Newcastle United introduce 'sound shirts' for deaf fans

Ryan Gregson and David Wilson
Newcastle United fans Ryan Gregson and David Wilson will experience a match wearing the "sound shirts" [BBC Sport]

Newcastle United are set to introduce ground-breaking "sound shirts", which will allow deaf fans to "feel" the noise of St James' Park for the first time.

The shirts, which look like a normal replica jersey, turn sound into touch using special sensors and motors - known as haptic technology - and will be used at a football match for the first time when Newcastle host Tottenham in the Premier League on Saturday.

"When you're wearing the shirt, it's a bit like you're wearing the stadium," said Ryan Genz, co-founder of Cute Circuit, the company behind the technology.

"We have microphones hidden all around St James' that are capturing different parts of the crowd noise."

The sound from those microphones is transmitted to tiny motors embedded in the fabric of the shirt.

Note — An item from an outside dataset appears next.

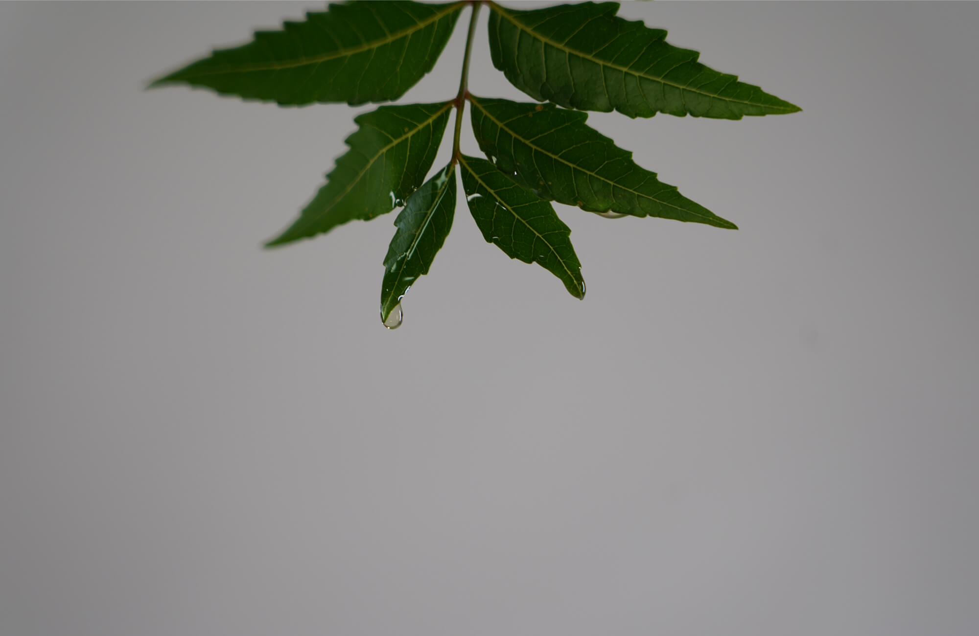 ニームは、葉だけでなく、樹皮、枝、種子の全てに薬効があり、インドの伝統医学アーユルヴェーダでも広く処方されてきました。何世紀にもわたって多くの病気に対する効能が証明されたニームは、「村の薬局」と称されてきました。アーユルヴェーダによると、皮膚疾患の原因は「体内の過剰な糖分」によって引き起こされると言われています。ハーブの中でも苦味が最も特徴的なニームは、皮膚疾患に対して最高の万能薬と言えます。日々の生活においても、ニームオイルやニーム葉の抽出液をスキンケアに取り入れたり、入浴剤として活用することで、健やかな肌を保つことに期待できます。

These vibrate and light up in response to the atmosphere in the ground.

"It's not just the people near you that you're feeling in the shirt," Genz said. "You're feeling people chanting and cheering all over the entire stadium. And you're feeling them in different parts of the shirt."

The shirts will be worn by fans who are deaf or have hearing loss - among them season-ticket holders Ryan Gregson and David Wilson.

"I'm excited," said Gregson, 28. "It will link us to the stadium, to the crowd, the music and the singing."

The friends, who use British Sign Language to communicate, have worn the shirts briefly as part of a demonstration, but have yet to experience the real thing.

Wilson said: "I could feel [the shirt] on my body and I thought: 'Wow, is this what sound feels like?' It was so different. I felt like it was alive."

The launch has been driven by Newcastle's sponsor, Sela, which for Saturday's game will donate the space it normally has on the front of the club's shirts to RNID, the national hearing loss charity.

Saturday's match is being used to raise awareness of the 12 million people in the UK who are deaf or hard of hearing, and make attending a live game a more inclusive experience.

Teri Devine, the RNID's director for inclusion, said: "Deaf people love sport as much as anybody else.

"I'm sure the deaf community will absolutely embrace the haptic shirts and we would love other clubs to pick up on this sort of technology, and other technologies that can do to make the game more accessible for deaf people."

The technology has previously been used by deaf people to experience classical music at concert halls.

Francesca Rosella, who invented the shirt with her colleague Genz, explained that adapting the shirt for a football match was a big challenge.

She said: "In a stadium, everybody is cheering and screaming and so it's a completely different environment.

"That brings a whole new dimension of having really been into the thick of the action that we didn't have previously."